= Elastolin =

German trademark

Elastolin was a trademark used by the German company O&M Hausser (O&M Haußer) for the toy soldiers and other types of figures it manufactured from composite material and later from plastic. The Hausser firm was founded in 1904 by Christian Hausser and his sons Otto and Max. The factory was situated in Ludwigsburg near Stuttgart.
Production of all figures (and all other toys) was interrupted when the German economy was put on a "total war" footing in 1943. Limited production of composition figures resumed several years after the end of World War II in 1945. Hausser continued to use the brand name Elastolin when it began production of figures in a hard polystyrene plastic in 1955 while production of figures in the older sawdust-based composition material continued into the 1969. Hausser production of plastic figures continued through 1982. The company filed for bankruptcy in June 1983 and ceased production by the end of the year.

==Scales of figures==

Elastolin composition figures were manufactured in 40mm (also known as 4-cm), 65mm (6.5-cm), 70mm (7-cm), and 105mm (10.5 cm) scales. Since 70-mm is approximately 3-inches, a 70-mm figure is approximately 1/24 scale. The Elastolin catalogs of the 1930s describe the 7-cm figures as being "normal size" (normalgrosse) and the 4-cm figures as Miniatur-Soldaten. The catalog numbers for the 4-cm figures began with the preface M so the catalog number for a 4-cm marching Heer Trommler (Army snare drummer) was M 47/1.

==Heer==

The Heer, all wearing the correct World War II German uniform, was represented by parade ground figures that included marching officers, marching infantry men, marching flag-carriers, marching musicians, a marching panzer man in his distinctive black uniform, marching Gebirgsjager ("mountain troops"), marching musicians, and cavalry and musicians mounted on horses. The parade ground figures had troops for a guard mounting that included officers standing at attention, enlisted personnel standing at attention or at "present arms", standing flag-carriers, a panzer man saluting, standing musicians, and sentry boxes as well as standing cavalry and standing cavalry musicians.

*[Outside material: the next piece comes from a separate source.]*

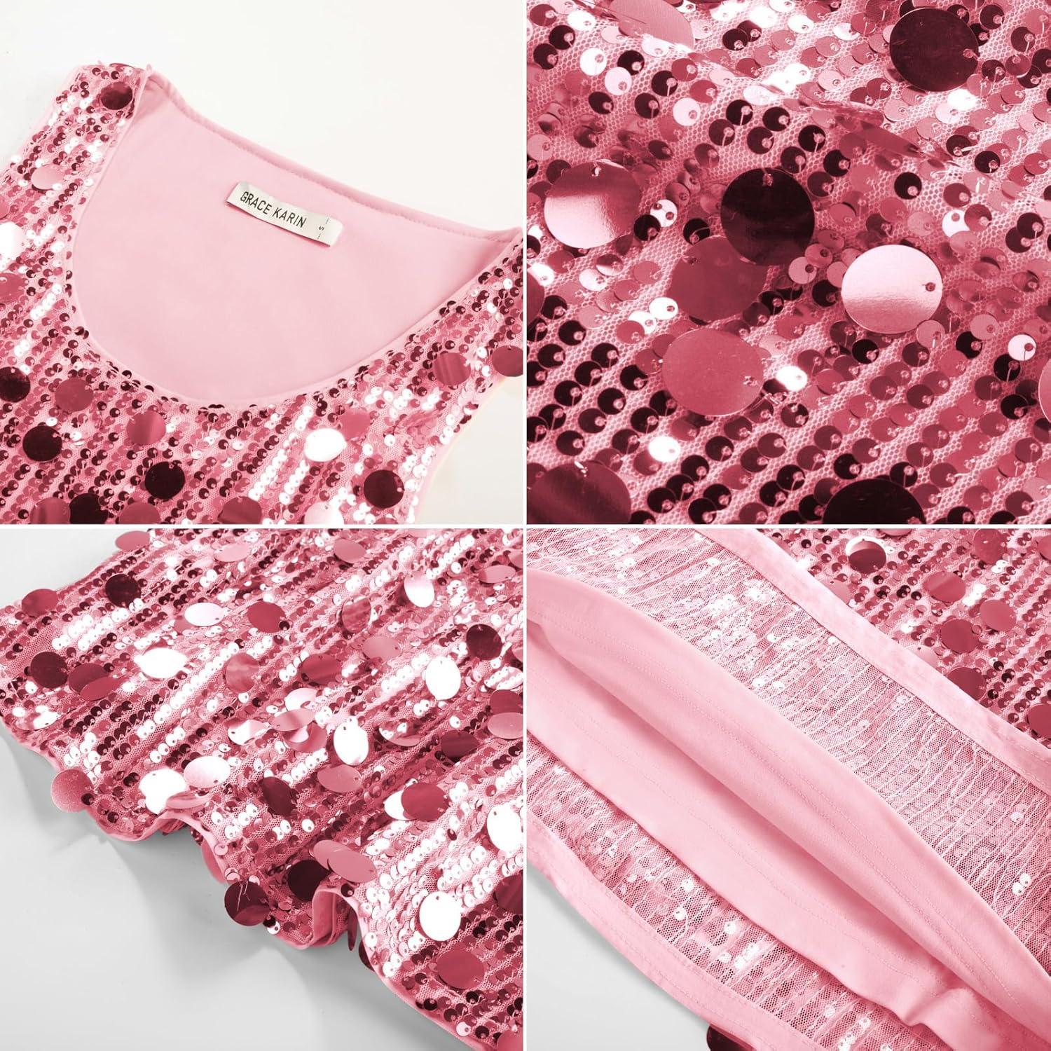 GRACE KARIN Women’s Sequin Top Sleeveless Sparkly Dressy Tank Tops Vest Glitter Cocktail Party Shiny Club Night(Pink)

There was a figure of a drill instructor and three figures of new recruits in fatigue uniform doing training exercises.

Heer combat troops included Infanterie (series 500/- and 600/-) (riflemen, grenade throwers and machine gun teams), Kavallerie (series 400/-), Artillerie [series 664/-] (crewmen for the tinplate artillery pieces), Nachrichtentruppe ("communications troops") [series 659/-] which included World War I-vintage message dog- and carrier-pigeon-wranglers, Pioniere ("combat engineer and construction troops") [series 662/-] and Krad-Schutzen ("motorcycle troops") [series 990/-] on individual two-passenger motorcycles and three-passenger sidecar models.

Poison gas had been used by both sides on the Western Front during World War I, and so there was a Gasalarmschlager ("gas alarm striker") [584] and several Infanterie figures wearing gas masks.

The Verwundete und Sanitatspersonal (series 656) included doctors and nurses to treat the assortment of wounded soldiers that the medic figures brought back from the battlefield. Series 656 also included a Toter Soldat ("dead soldier") [652/15].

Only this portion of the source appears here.